Christina- Thanks for this informative reply. This helps round out my understanding of Victor's thoughts, and it gives me yet another source of interesting materials to listen to and read.

The Tribal Leadership on Zappos link is http://www.zappos.com/tribal.zhtml

Victor Newman said:

Dear Jack and Christina,

I just wanted to clarify my point about "sticky" and Relationship Capital (RC). Basically, a culture is the outcome of stabilising a technology (turning an invention into an innovation). The crises involved in forming a culture, create intense RC. The "stickiness" is the resistance to change that innovators experience because innovation involves killing that old technology as it cruises down the S-curve, and the accelerated devaluation of the mutually-held RC in order to introduce a new, replacement technology which will involve new RC creation with strangers. "Trust" is not RC. Trust exists in a relationship where I know that you understand my position on a topic and will represent my interests fairly, if I am out of the room.

Thanks, Victor. Nice hearing from you again.

I think the term Relationship Capital is confusing me, so this explanation helps. I was thinking that this was related to the idea of "social capital" or emotional quotient, which I think of as being heavily related to trust. In this description, it is a specific instantiation of the relationships between people. When the underlying business or technology changes, then the value of those relationships change too. And the "sticky" idea is around how strong those relationships are - specifically how strong they are around the change. Is that any closer?

Victor Newman said:

Jack, You got it.

Scheherazade said:

Hi Jack,

All the acronyms are over my head, but this post reminded me of something I've always thought was cool. The Institute for Global Ethics (http://www.globalethics.org/) does consulting with schools and businesses, and a piece of their curriculum included convening the people in the organization and having them identify (and argue about and resolve) their 5 "core moral values" -- then part of the consulting gig was to identify methods and strategies to promote/reward/act consistently with those values.

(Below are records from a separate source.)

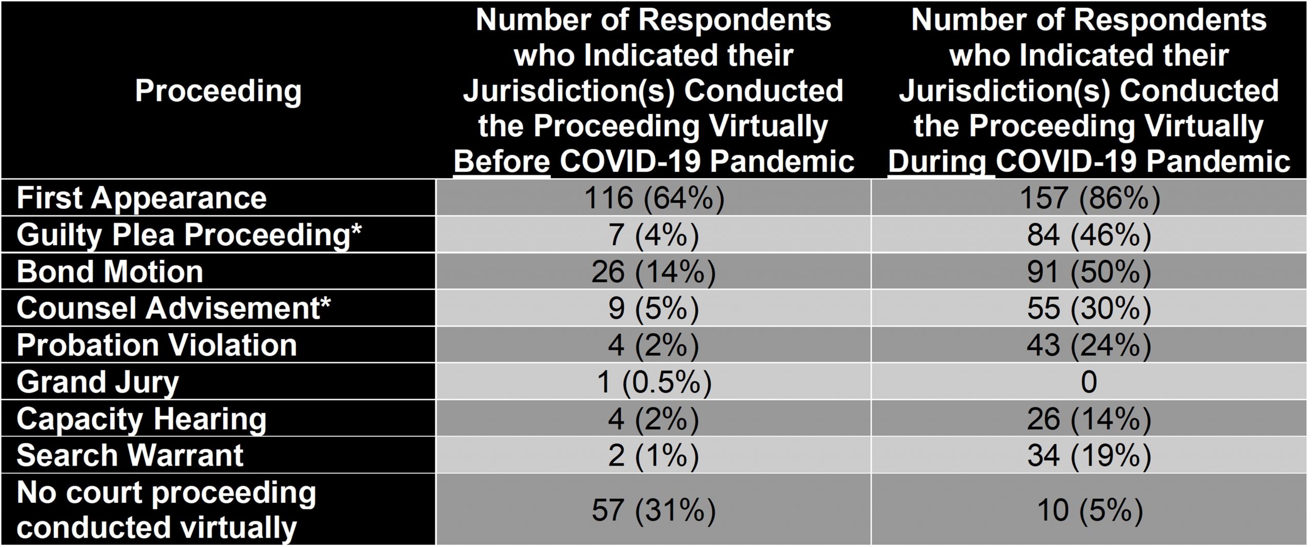 According to respondents, virtual first appearances were the most common type of virtual proceeding, both before and during the pandemic. Before the pandemic, relatively small numbers of respondents had participated in virtual guilty plea proceedings, bond motion hearings, counsel advisements, probation violation hearings, capacity hearings or search warrant proceedings. During the pandemic, some of those numbers changed considerably (Table 1).
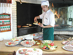 Ресторанта е със сто места, лятна градина, барбекю и музика на живо. Ценителите на добрата кухня могат да се насладят на богат избор от специалитети и класна селекция от вина и напитки. Ресторанта е подходящо място за семейни празници, официални тържества, делови срещи и коктейли.
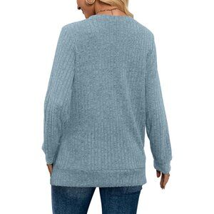 SAMPEEL Womens V Neck Long Sleeve Tops Lightweight Tunic Sweaters Fashion
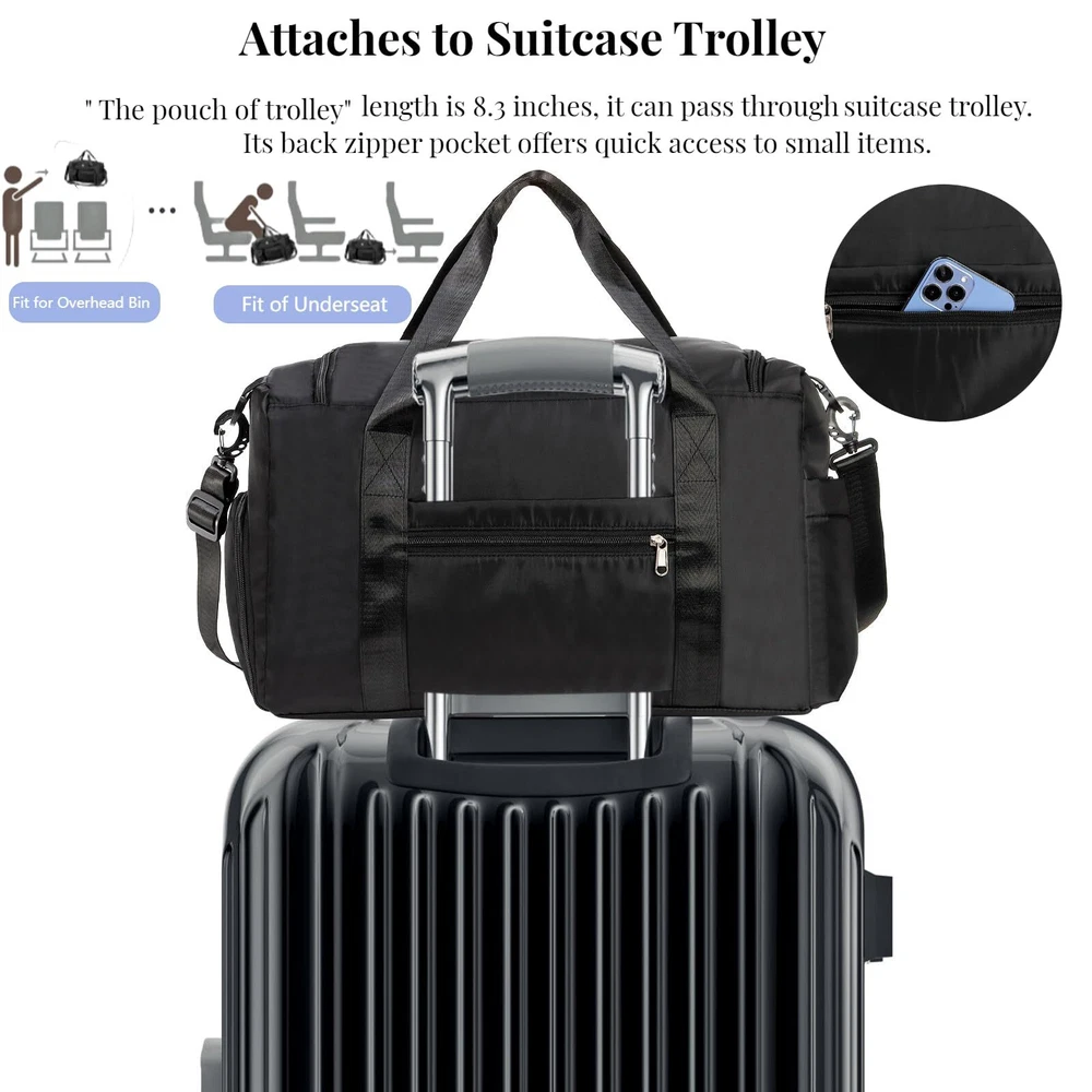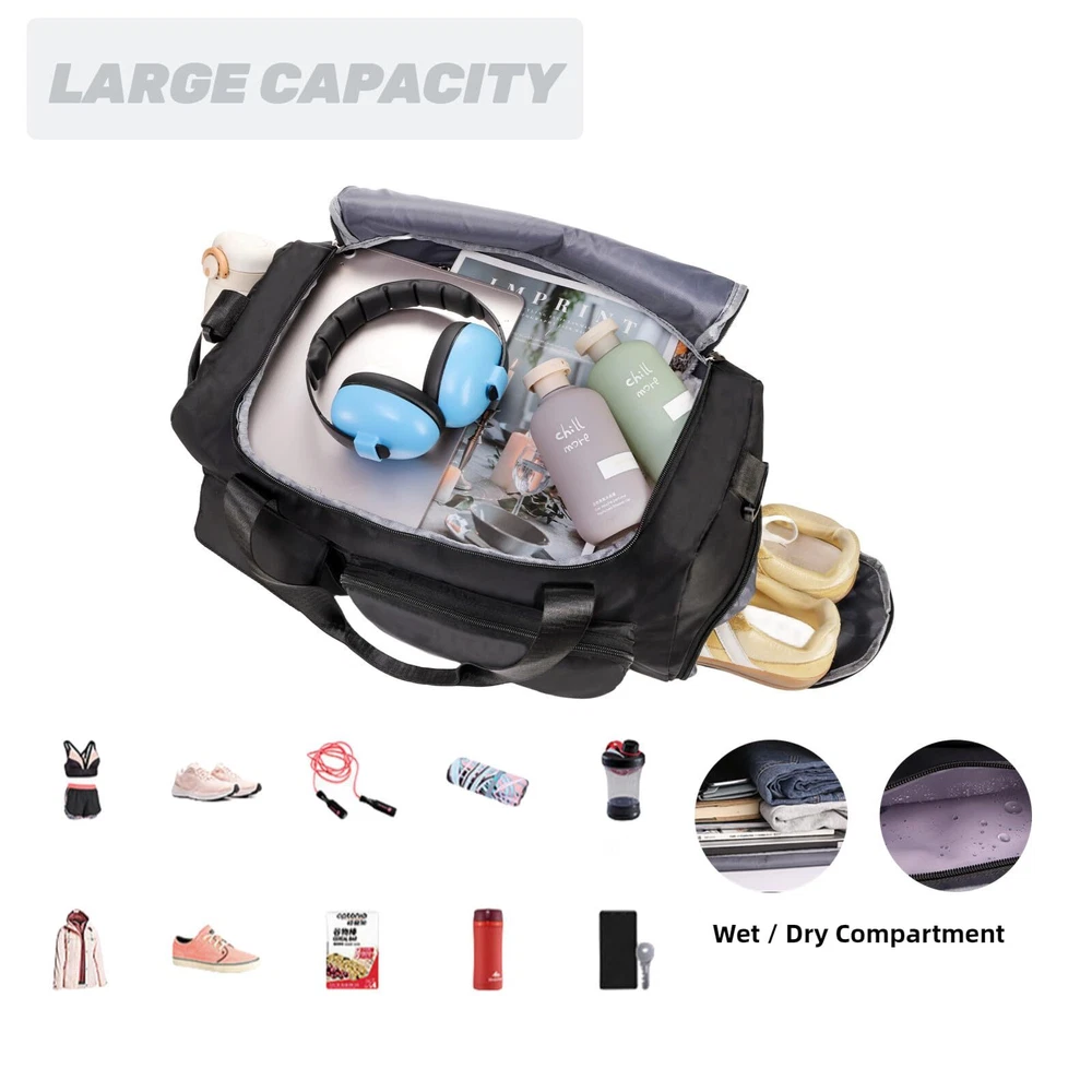 Durable and Waterproof: The gym bag is made of high-quality polyester fabric and nylon lining which are durable, waterproof, tear resistant and keep your belongings dry. Sturdy smooth zippers, exquisite workmanship and reinforced stitching at every key point ensures long-lasting use. Multi Pocket Design: These travel duffel bag includes 10 total compartments to plenty of items while keeping them neat and tidy. 1 main roomy compartment with 1 inner pocket, 2 front pockets, 2 side pockets,1 back zipper pocket, 1 back luggage sleeve and 1 removeable shoulder strap. Perfectly Sized: duffle bags measure about 18" L x 9.8" W x 11" H, which can hold a capacity of 37L. Enough space for clothing for a short trip. An ideal overnight weekend boarding bag for business or personal travel. Can be folded when not in use. 2 IN 1 Multipurpose Bag: Our lightweight gym bags can be carried in different ways, with comfortable hand grips and an extra over the shoulder strap if needed. It could be served for various sports such as tennis, dance, golf, football, basketball, swimming, etc. Dry Wet Separated Gym Bag: The black travel bag can help you separate dry and wet items, you can put your wet towels or dirty clothes into front pockets. The individual shoe compartment is ideal for keeping your shoes and will not stain rest of your belongings.

The part I remember is the Institute's teacher said "We know what they'll identify -- everyone always comes up with the same 5 values, perhaps with slightly different names." But they found that if they walked in and told people that these were the essential 5 core values of their organization, nobody would buy in to the rest of the curriculum.

Funny that a step (identifying the values of the organization) that might turn out to be unnecessary if the expert's expertise is real can be so fundamental to adoption and acceptance.

Excellent connections. What I think of in reading this is the Socratic Method and that people much prefer solutions that they develop themselves, rather than those that are handed to them on a silver platter. Even if they would be the same.

James Grey said:

Good discussion. I'm interested in the concept of relatioships in the context of best practice transfer. We have events where experts are gathered at various plants to delve into the current condition and recommend improvements. Uptake of these is variable and, I think, this has a lot to do with the acceptance of experts critiquing what people at the plant may hold dear.

Any thoughts on techniques or tactics we could use to reduce this effect in a fairly short period of time (one week or so)?
Thanks,
James.

@James
Based on the discussion on the webinar and since then - and based on my own experience - I have two initial thoughts. 1) The experts need to have some level of trust with the plant operators. Without that, the operators are unlikely to talk at any deep level about what is happening in the plants. 2) Letting people (the operators) talk is always a good idea.

I suspect this idea may already be too late for what you are envisioningg. But it can't hurt to suggest: I wonder if the idea of "expert" could be turned on its head here: Have the outside experts bring in examples of problems at other plants; describe them in terms that the operators will understand; and ask the operators how they would solve these problems. Maybe with some good facilitation the "best practices" that already exist could be improved upon. Only toward the end of the discussion would it be worthwhile talking about the local situation.